Week 05 | Day 03
Newton-Euler Recursive Dynamics: Real-Time Robot Simulation
Published: April 22, 2026 | Author: Smartotics Learning Journey | Reading Time: 13 min
TL;DR: The recursive Newton-Euler algorithm computes joint torques in O(n) time — linear in the number of joints. It outperforms the Lagrangian O(n²) approach and is the algorithm used in industrial robot controllers running at 1-8 kHz.
The Performance Problem
Yesterday’s Lagrangian method produces beautiful symbolic equations, but for real-time control we need speed:
| Method | Complexity | 6-DOF Time | 20-DOF Time |
|---|---|---|---|
| Lagrangian (symbolic) | O(n²) | ~1 ms | ~10 ms |
| Lagrangian (numeric) | O(n²) | ~0.5 ms | ~5 ms |
| Recursive Newton-Euler | O(n) | ~0.05 ms | ~0.2 ms |
At 1 kHz control frequency, you have 1 ms per cycle. The recursive algorithm leaves plenty of headroom for sensor processing and communication.
The Core Insight
Instead of solving the entire system at once, the recursive algorithm propagates information along the kinematic chain:
- Forward pass: Starting from the base, compute velocities and accelerations of each link
- Backward pass: Starting from the end-effector, compute forces and torques back to the base

This mirrors how physical causality works: base motion propagates outward, while contact forces propagate inward.
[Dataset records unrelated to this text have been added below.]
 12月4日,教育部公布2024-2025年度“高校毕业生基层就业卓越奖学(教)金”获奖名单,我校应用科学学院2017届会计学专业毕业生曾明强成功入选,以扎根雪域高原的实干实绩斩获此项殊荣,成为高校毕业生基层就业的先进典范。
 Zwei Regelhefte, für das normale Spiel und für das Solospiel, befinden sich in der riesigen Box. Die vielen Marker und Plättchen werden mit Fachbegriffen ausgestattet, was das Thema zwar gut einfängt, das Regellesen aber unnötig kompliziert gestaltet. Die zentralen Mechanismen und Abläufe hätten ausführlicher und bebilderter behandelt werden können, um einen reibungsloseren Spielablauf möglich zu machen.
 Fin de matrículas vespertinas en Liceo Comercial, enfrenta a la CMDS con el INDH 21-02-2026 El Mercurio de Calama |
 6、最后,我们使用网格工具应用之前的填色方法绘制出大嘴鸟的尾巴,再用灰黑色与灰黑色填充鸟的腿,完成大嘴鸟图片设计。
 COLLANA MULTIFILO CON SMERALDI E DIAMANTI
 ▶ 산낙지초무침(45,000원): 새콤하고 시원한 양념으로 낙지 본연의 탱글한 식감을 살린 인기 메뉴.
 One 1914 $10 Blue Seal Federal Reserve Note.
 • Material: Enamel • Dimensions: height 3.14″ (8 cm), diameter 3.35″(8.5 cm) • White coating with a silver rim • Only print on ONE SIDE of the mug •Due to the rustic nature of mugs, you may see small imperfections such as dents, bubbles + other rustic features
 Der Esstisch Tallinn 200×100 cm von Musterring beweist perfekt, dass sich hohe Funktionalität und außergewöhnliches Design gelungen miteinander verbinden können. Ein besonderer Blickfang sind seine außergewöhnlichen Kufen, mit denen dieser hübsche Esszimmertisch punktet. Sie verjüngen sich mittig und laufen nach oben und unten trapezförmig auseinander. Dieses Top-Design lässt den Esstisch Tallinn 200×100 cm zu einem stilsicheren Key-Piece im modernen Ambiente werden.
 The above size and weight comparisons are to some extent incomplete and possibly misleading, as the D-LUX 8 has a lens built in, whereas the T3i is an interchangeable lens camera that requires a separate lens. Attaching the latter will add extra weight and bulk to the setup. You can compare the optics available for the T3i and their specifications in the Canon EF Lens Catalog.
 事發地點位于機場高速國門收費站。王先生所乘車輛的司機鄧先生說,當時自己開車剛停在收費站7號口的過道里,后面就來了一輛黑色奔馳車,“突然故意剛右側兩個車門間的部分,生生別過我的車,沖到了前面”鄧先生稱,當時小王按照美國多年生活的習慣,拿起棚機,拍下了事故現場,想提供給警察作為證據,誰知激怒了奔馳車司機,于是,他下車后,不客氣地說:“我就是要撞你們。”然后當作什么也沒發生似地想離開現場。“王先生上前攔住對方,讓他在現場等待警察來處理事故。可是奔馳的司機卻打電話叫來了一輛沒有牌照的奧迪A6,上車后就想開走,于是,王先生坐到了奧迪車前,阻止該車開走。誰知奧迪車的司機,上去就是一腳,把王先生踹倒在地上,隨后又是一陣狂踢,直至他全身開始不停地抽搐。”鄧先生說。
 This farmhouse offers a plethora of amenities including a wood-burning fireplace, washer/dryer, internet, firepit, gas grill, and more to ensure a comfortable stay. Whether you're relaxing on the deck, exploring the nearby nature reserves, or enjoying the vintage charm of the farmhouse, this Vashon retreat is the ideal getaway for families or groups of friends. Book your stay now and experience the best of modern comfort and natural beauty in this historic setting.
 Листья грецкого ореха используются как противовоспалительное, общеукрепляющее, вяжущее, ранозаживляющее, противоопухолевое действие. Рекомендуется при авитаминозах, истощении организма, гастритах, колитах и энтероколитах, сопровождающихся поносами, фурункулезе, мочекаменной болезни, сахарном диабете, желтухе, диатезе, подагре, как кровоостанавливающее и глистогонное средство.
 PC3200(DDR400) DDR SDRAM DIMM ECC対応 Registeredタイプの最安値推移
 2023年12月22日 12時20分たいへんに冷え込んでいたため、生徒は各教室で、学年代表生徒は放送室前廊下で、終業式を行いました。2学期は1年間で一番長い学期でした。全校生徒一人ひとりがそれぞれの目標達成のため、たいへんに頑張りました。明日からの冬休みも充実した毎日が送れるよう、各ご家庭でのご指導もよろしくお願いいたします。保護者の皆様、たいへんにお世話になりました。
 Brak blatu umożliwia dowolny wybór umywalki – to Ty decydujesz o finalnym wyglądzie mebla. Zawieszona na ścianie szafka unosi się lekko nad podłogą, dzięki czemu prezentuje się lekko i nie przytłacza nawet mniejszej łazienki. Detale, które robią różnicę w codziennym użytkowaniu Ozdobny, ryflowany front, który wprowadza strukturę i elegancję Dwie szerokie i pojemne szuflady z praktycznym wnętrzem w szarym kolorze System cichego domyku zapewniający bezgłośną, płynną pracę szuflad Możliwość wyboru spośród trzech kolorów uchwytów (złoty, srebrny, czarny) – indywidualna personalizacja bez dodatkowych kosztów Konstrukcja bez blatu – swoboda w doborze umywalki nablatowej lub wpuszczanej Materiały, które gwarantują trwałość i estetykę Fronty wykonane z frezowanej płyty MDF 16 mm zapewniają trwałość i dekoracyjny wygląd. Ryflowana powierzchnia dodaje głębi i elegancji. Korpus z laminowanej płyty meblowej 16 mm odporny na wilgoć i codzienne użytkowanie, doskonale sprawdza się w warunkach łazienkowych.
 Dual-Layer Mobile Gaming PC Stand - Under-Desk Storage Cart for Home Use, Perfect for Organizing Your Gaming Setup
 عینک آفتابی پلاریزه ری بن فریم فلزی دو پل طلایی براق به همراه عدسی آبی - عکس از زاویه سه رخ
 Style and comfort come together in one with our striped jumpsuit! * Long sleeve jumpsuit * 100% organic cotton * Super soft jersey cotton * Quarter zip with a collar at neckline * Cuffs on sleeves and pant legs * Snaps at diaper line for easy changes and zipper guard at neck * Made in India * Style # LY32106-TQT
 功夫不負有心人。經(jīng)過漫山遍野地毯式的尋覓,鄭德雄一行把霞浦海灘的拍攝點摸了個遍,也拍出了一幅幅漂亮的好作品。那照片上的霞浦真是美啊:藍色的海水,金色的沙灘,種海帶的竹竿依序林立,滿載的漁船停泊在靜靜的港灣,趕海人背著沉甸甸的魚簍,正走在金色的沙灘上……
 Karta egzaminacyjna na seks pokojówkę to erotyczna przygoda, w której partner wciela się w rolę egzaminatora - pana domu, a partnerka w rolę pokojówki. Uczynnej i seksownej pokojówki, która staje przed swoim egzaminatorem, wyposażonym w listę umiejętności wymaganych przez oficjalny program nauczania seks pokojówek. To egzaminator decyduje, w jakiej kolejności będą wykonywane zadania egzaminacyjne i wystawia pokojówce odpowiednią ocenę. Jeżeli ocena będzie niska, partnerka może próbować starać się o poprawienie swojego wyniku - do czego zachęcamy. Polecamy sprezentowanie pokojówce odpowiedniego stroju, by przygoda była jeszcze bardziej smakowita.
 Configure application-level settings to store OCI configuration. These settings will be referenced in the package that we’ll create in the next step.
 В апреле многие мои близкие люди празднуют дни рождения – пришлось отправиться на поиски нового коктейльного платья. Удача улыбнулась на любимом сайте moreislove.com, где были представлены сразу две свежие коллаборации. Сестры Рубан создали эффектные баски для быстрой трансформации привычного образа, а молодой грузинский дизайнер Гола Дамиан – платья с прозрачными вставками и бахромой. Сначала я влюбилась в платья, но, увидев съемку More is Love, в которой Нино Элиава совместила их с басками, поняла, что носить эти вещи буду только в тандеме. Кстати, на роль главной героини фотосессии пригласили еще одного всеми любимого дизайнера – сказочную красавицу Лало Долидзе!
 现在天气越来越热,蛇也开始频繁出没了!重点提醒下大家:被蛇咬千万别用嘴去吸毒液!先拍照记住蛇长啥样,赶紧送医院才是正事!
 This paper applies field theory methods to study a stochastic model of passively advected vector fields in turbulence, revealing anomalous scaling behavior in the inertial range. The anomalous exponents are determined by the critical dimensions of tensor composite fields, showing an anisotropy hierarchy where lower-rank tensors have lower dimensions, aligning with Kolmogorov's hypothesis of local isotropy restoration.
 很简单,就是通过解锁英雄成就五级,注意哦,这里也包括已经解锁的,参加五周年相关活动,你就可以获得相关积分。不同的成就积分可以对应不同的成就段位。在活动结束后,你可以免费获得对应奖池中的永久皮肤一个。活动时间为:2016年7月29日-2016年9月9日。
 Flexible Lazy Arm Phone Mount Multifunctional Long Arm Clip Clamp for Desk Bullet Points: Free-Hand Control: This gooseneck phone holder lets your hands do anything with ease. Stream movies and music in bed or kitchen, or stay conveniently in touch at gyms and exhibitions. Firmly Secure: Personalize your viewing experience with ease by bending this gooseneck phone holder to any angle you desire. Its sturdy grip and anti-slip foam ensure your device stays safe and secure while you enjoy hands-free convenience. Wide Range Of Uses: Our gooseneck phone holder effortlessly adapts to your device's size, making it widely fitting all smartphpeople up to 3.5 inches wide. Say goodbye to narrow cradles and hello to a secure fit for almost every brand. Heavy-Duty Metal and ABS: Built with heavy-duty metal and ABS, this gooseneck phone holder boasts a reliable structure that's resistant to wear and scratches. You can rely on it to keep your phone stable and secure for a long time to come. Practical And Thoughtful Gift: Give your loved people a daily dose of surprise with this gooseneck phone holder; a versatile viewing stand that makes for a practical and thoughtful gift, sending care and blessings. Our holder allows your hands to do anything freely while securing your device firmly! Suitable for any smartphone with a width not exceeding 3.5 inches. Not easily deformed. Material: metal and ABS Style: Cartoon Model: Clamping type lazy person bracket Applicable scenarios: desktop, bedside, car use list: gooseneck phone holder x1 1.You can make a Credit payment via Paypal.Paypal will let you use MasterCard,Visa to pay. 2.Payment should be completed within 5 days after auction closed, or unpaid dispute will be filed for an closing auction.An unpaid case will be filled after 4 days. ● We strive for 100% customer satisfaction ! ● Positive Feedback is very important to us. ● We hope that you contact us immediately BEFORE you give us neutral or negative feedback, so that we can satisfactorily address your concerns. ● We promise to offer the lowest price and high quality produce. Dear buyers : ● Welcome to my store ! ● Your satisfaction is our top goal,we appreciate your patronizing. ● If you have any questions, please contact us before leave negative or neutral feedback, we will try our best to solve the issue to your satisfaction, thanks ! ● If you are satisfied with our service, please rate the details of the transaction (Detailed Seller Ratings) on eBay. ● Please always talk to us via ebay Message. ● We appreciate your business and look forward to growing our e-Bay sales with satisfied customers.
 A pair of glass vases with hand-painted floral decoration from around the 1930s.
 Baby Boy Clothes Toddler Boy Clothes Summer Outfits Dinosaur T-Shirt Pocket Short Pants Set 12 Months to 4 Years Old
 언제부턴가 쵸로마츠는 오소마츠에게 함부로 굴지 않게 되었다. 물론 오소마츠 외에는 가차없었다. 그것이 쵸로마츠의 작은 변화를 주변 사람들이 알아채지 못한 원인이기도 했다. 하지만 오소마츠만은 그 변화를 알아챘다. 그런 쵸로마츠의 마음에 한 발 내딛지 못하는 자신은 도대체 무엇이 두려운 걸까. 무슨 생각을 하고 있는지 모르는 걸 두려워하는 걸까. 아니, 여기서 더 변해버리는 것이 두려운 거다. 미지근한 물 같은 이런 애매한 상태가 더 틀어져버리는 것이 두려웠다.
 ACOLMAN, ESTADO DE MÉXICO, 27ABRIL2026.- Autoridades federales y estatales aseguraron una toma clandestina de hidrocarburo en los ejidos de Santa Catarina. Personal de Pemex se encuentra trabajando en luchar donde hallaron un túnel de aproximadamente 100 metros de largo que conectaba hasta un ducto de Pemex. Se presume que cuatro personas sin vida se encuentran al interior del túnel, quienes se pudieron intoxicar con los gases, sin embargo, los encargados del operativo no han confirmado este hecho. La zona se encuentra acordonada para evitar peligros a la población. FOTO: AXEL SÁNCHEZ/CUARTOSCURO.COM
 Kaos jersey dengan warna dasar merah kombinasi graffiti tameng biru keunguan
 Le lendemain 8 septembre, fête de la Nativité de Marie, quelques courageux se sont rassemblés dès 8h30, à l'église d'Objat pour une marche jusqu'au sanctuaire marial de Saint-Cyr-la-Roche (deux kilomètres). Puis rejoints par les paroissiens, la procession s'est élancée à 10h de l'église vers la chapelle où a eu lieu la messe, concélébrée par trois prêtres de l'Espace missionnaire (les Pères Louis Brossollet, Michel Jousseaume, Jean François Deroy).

Forward Pass: Velocity and Acceleration Propagation
For each link i from base to end-effector:
Rotational Joint
ωᵢ = ωᵢ₋₁ + q̇ᵢ · zᵢ
αᵢ = αᵢ₋₁ + q̈ᵢ · zᵢ + ωᵢ₋₁ × (q̇ᵢ · zᵢ)
aᵢ = aᵢ₋₁ + αᵢ × rᵢ + ωᵢ × (ωᵢ × rᵢ)
Where:
ω: Angular velocityα: Angular accelerationa: Linear acceleration of link framez: Joint axis (z-axis of joint frame)r: Vector from jointito linkiCOM
Prismatic Joint
ωᵢ = ωᵢ₋₁
αᵢ = αᵢ₋₁
aᵢ = aᵢ₋₁ + αᵢ × rᵢ + ωᵢ × (ωᵢ × rᵢ) + q̈ᵢ·zᵢ + 2·ωᵢ × (q̇ᵢ·zᵢ)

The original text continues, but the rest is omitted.